After the murder of José Díaz in 1942, a grand jury was convened to decide if formal charges should be brought against the twenty-two Mexican-Americans accused of his death, who later became known as the 38th Street Boys. The grand jury eventually voted to bring the boys to court. The jury did not press charges on the girls who were involved in the fight, because the jury believed they could be swayed to testify against the boys. All of the girls refused, so they were sent without trial to a state reformatory for girls. It was operated like a military camp and infamous for its harshness and cruelty. Stories that girls swallowed pins to avoid being sent there added to its reputation.

In October of 1942, the Sleepy Lagoon Trial began. The prosecution hired two district attorneys, while the defense consisted of many different lawyers who were either public defenders or hired by the defendants’ families. Most notable among these are Richard F. Bird and Anna Zacsek. The trial did not go well for the defense in the beginning. Many of the defense lawyers were inexperienced and only focused on protecting their own clients, not the group as a whole. This led to the lawyers fighting each other and arguing. In the middle of the trial, George Shibley, a well-known defense attorney, was persuaded to take the case. He only represented six people, but he organized a defense for all of the 38th Street Boys. There was just one big obstacle in the way: the judge of the Sleepy Lagoon Trial, Charles William Fricke, nicknamed San Quentin Fricke because he had sentenced more people to San Quentin State Prison than any other judge.
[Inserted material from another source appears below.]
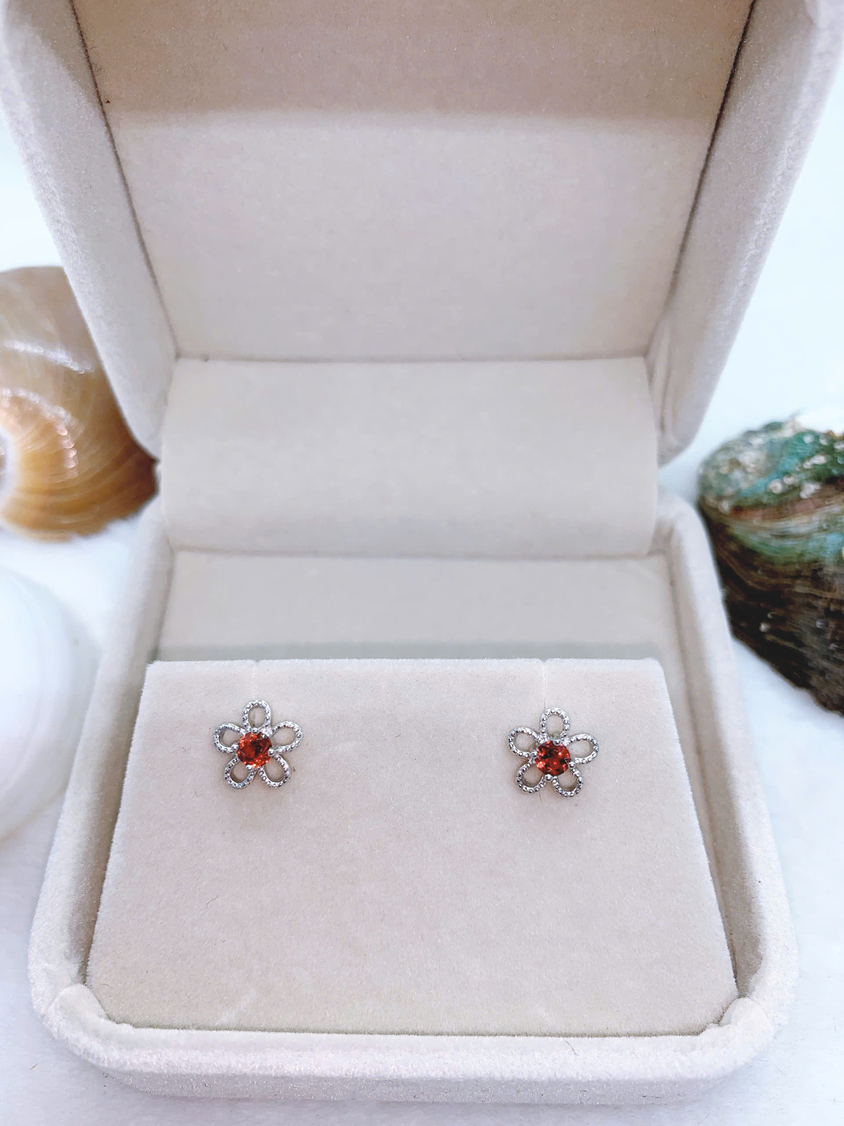 - Loại trang sức: hoa tai bạc gắn đá Garnet

The judge of the Sleepy Lagoon Trial, Charles Fricke, was biased in many ways. There was no evidence that any of the 38th Street Boys had killed José Díaz, but Charles Fricke didn’t care. Fricke believed that the boys were guilty from the beginning and wanted to make the jury believe that they were a gang. He didn’t allow the boys to change their clothes or cut their hair to make it seem as if the boys belonged in jail. It made them look like kids who were undisciplined, kids who lived on the streets and mugged people. Fricke wanted the 38th Street Boys in jail, and he fought with Shibley, the boys’ main defender. When Shibley attempted to object to Fricke’s rulings, Fricke overruled Shibley’s arguments without a second thought.
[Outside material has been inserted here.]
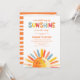Da la bienvenida al rayo de sol más reciente en tu vida con nuestras invitaciones para baby shower de verano únicas y elegantes. Estas invitaciones, que presentan un sol juguetón y colorido sobre un fondo blanco limpio, capturan perfectamente la alegre anticipación de una nueva llegada. ¡Aún mejor, nuestra plantilla moderna hace que personalizar tus invitaciones sea pan comido, para que puedas pasar menos tiempo planificando y más tiempo celebrando el próximo paquete de alegría!

During the Sleepy Lagoon Trial, there were many blatantly racist accusations that were overlooked at the time. One of the most extreme was Lieutenant Edward Duran Ayres’ testimony to the jury. In his opinion, “Mexican-American youths had an Aztec-like disregard for human life.” The Aztec civilization was well-known at the time for the human sacrifices they performed on prisoners. Conversely, during the second hearing, the court heard from Mexican-American and African-American activists as well. They argued that “the problem of youth crime in Los Angeles could be solved by tearing down the discriminatory walls…young Mexican-Americans felt that street gangs gave them a sense of pride and belonging that could not be found in a white-dominated society that looked down on their cultural and racial heritage.” After the testimonies, the jury decided that the 38th Street Boys were guilty, and Fricke sentenced them to prison. Three of them, including Hank Leyvas, were sentenced for life, and nine defendants were sentenced to five years in prison.